July, 2014

Next (Part II)

By Michael J. Katin, MD

Our system is under attack and may be approaching a critical juncture (junction)? . In January, we discussed that training programs for radiation oncologists may not be able to produce adequate number of physicians skilled both technically and personally to avoid being overwhelmed. A second problem is that the philosophy of medicine, in general, is turning away from intensive intervention for the individual patient, allegedly for the good of the patient population as a whole.

As described in Next, Part I, the number of physicians in training for palliative-related specialties exceeds the number in training for radiation oncology. At the same time, ASTRO has promoted "Five Wise Choices" favoring reduction in the indications for the use of more complex types of radiation therapy to be used in several types of cancer, or even to be used at all. The featured editorial in the Journal of Clinical Oncology from December 20, 2013, is by Patricia Ganz and calls for "Charting a New Course for the Delivery of High-Quality Cancer Care." This refers to the report published by the Institute of Medicine on "Delivering High-quality Cancer Care: Charting a New Course for a System in Crisis."

Perhaps they could have first collaborated on the best way to manipulate words to make different titles, but the conclusion is that too much money is spent on taking care of people's medical problems and new course consists of not doing that any longer. Does this mean that those of us trained in highly-advanced techniques have now become just a nuisance? Fortunately, Pol Pot is no longer with us, but there are other ways to eliminate unwanted professionals. In any event, in only a short time there will remain only a small cadre of radiation oncologists to keep alive our arcane art.

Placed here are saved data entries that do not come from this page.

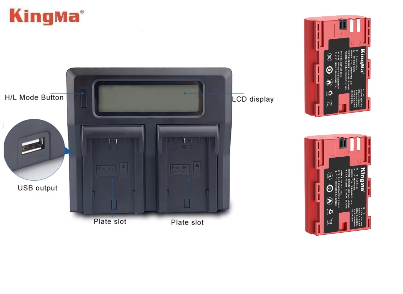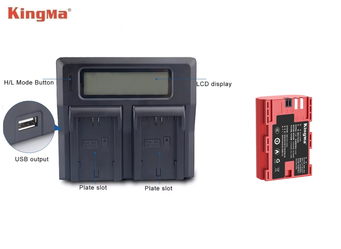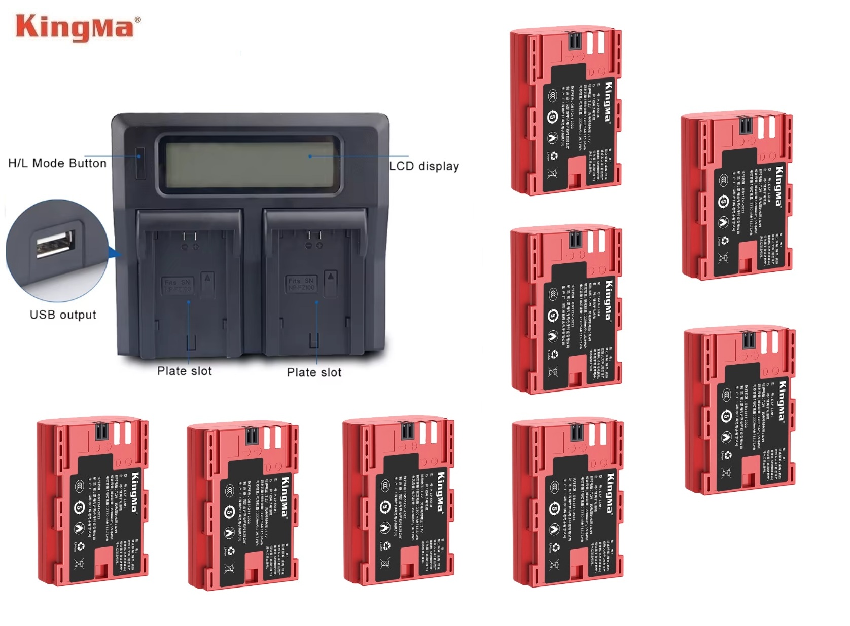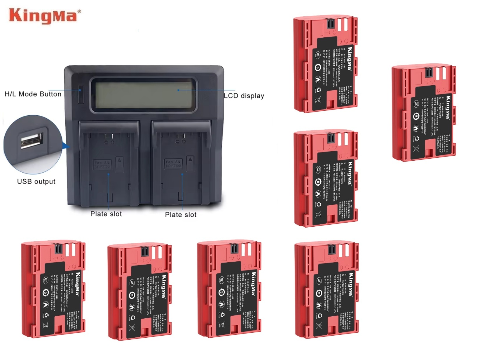 KINGMA LP-E6NH / K-LP-E6NH Fully Decoded Lithium-Ion Battery Pack With DC-LCD--LPE6 AC Dual Charger 代用鋰電池連雙充充電機 (CCC Certification / 3C認證)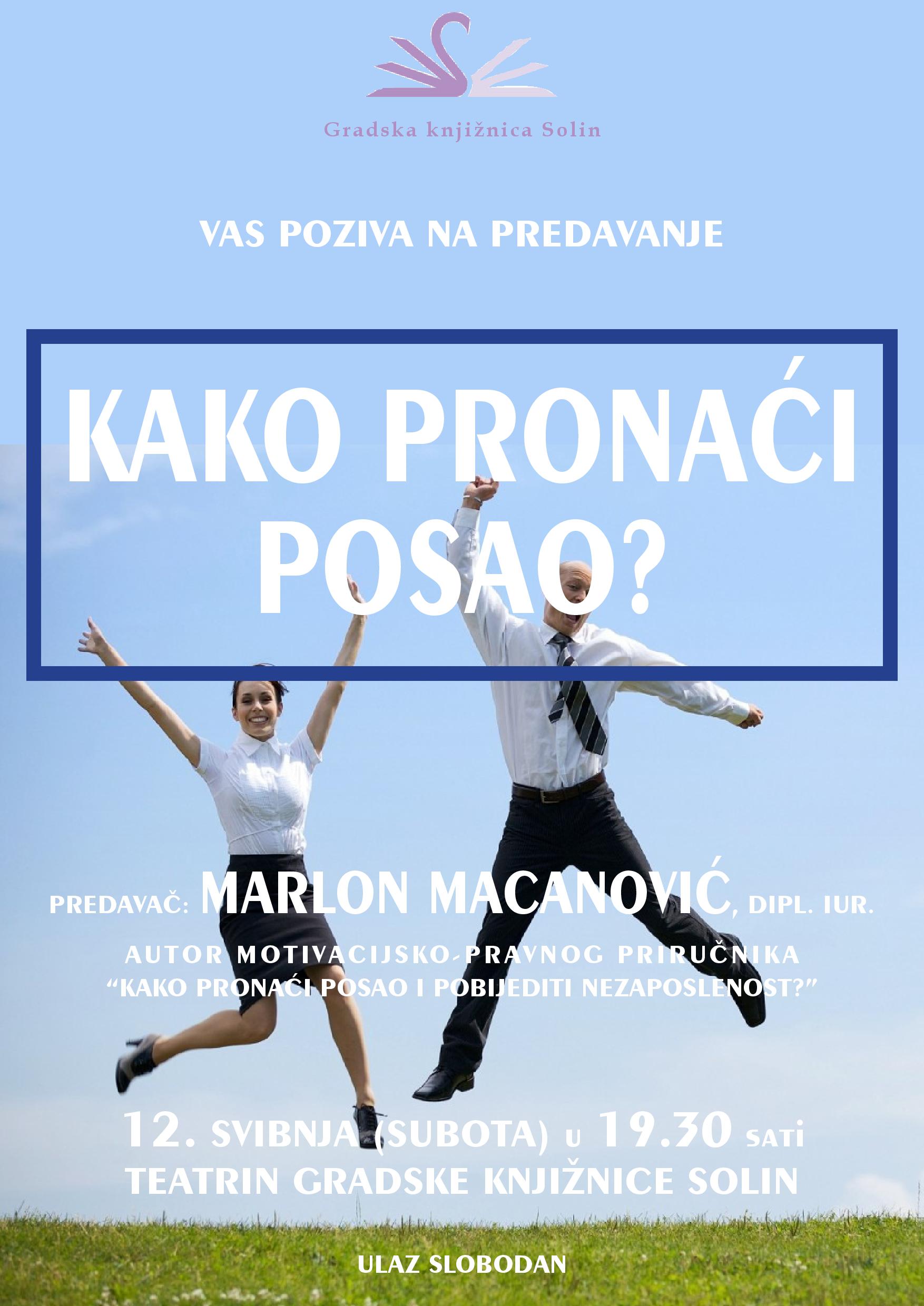 Gradska knjižnica Solin poziva na predavanje “Kako pronaći posao?” Marlona Macanovića, dipl.iur., autora motivacijsko – pravnog priručnika “Kako pronaći posao i pobijediti nezaposelnost?”.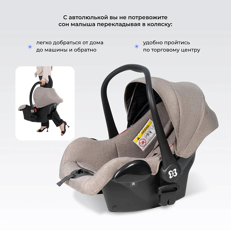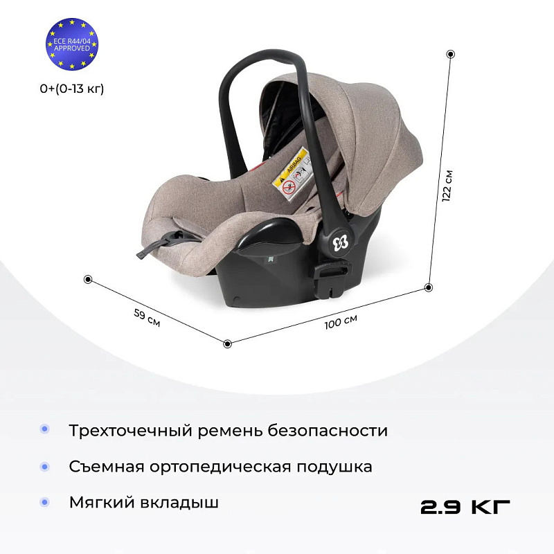 Автолюлька категории 0+(0-13 кг) стандарт безопасности ЕСЕ R44/04 с возможностью установки на раму коляски, оснащена трехточечным ремнем безопасности с мягкими накладками. Ручка для переноски в чехле из экокожи, регулируется в трёх положениях: спереди, сверху и сзади. В машине крепится штатными ремнями авто против хода движения.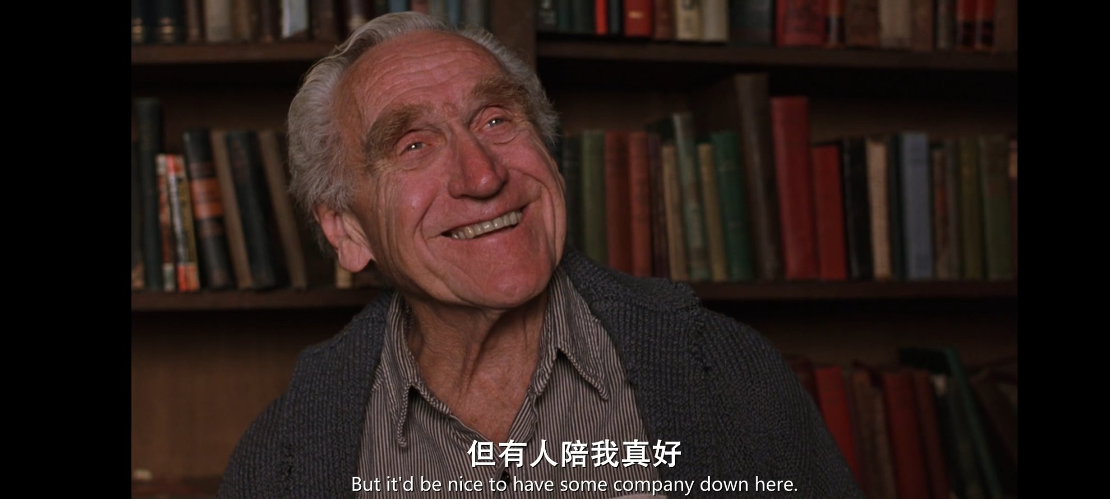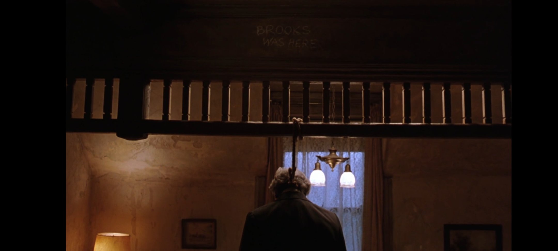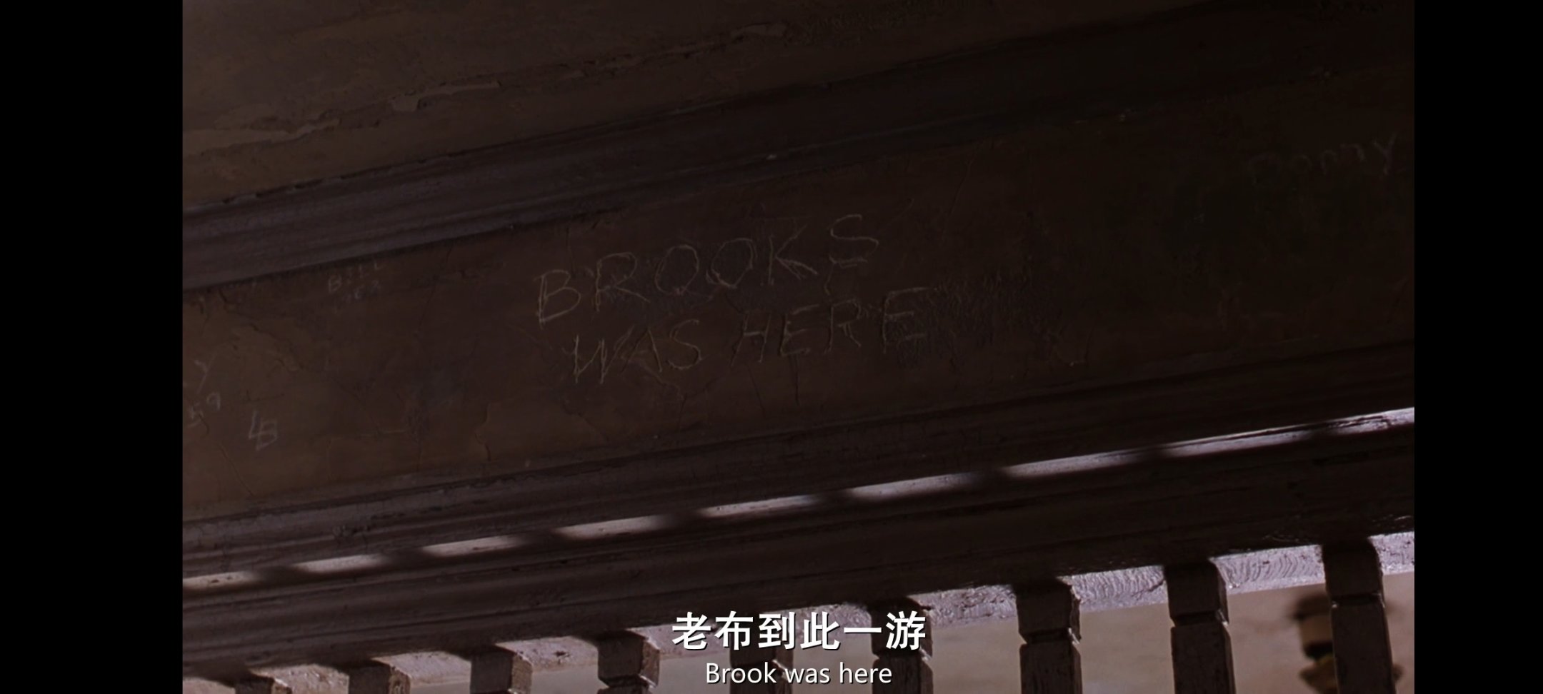 离开监狱的老布被监狱安排在一家超市当捡货员,他太老了,他的手还止不住的发抖,超市的店长对待他也没有一句好话,他孤独万分,乌鸦也被他亲手放飞,他什么都不剩了,最终在监狱分配给他的房间里,他在房梁上刻下[老布到此一游],穿上干净而整洁的西装,给监狱里的安迪和瑞德他们寄了一封告别信,随后用房梁上的绳子结束了自己的生命。

In the short term there are three major threats. First, all physicians will be continually evaluated for performance. There has already been concern that the methodology may be flawed. This will allow evaluators to purge practitioners who are considered not to be in full accord with guidelines of practice. Second, the number of patients to be treated will decrease as criteria for screening are tightened. This will lead to having more persons diagnosed at an advanced stage of disease, reducing the chance of curative therapy. At the same time, treatments that might increase quality of life but not extend survival will be discouraged. Third, efforts will be made to bring all aspects of patient care together with the argument that this will increase efficiency. While this might be true in theory, it is difficult to demonstrate in practice. The concept of the "medical home " was first developed by the American Academy of Pediatrics in 1967 and subsequently extended to apply to grownups. The main accomplishment of the "medical home " seems to have been generation of studies and publications. A review in 2013 located 5,731 abstracts and papers related to this topic, with the final analysis that there were 19 studies and actually assessed effectiveness, with the conclusion that "there is some evidence" of improvement of the care experience for patients and staff and that there may be improvement in care processes and may be associated with reduced emergency department encounters, but that more research is needed.

Granted, similar difficulty in proving favorable outcomes may be made for other programs started in the mid-20th Century, such as the War on Drugs and the War on Poverty. Regardless, there will continue to be efforts to optimize the relationship between the patient and medical practitioners regardless of whether it can be proven to work better that the admittedly chaotic system that we know and love.

Can we foresee that in the near future radiation oncologists will be living with other physicians in a literal medical house, similar to today's firehouses, in which one is totally committed to the practice and always available, without concern for expenses (since everything is supplied) and also without concern for income, since there won't be any opportunity to spend anything anyway. Finally, all patient care will be coordinated by somebody else, and physicians will be free of any management responsibility....actually, I think we already did that, during residency.

Can there possibly be an alternative for those entering the practice of medicine, let alone radiation oncology, at this point? Yes, there is a precedent. Five hundred years ago there were samurai who became masterless and traveled the countryside offering services for those needing and willing to pay for them Perhaps it is time to break the bonds that restrain us and follow that example*.

*noting that wandering the countryside might be problematic, especially without adequate IT support.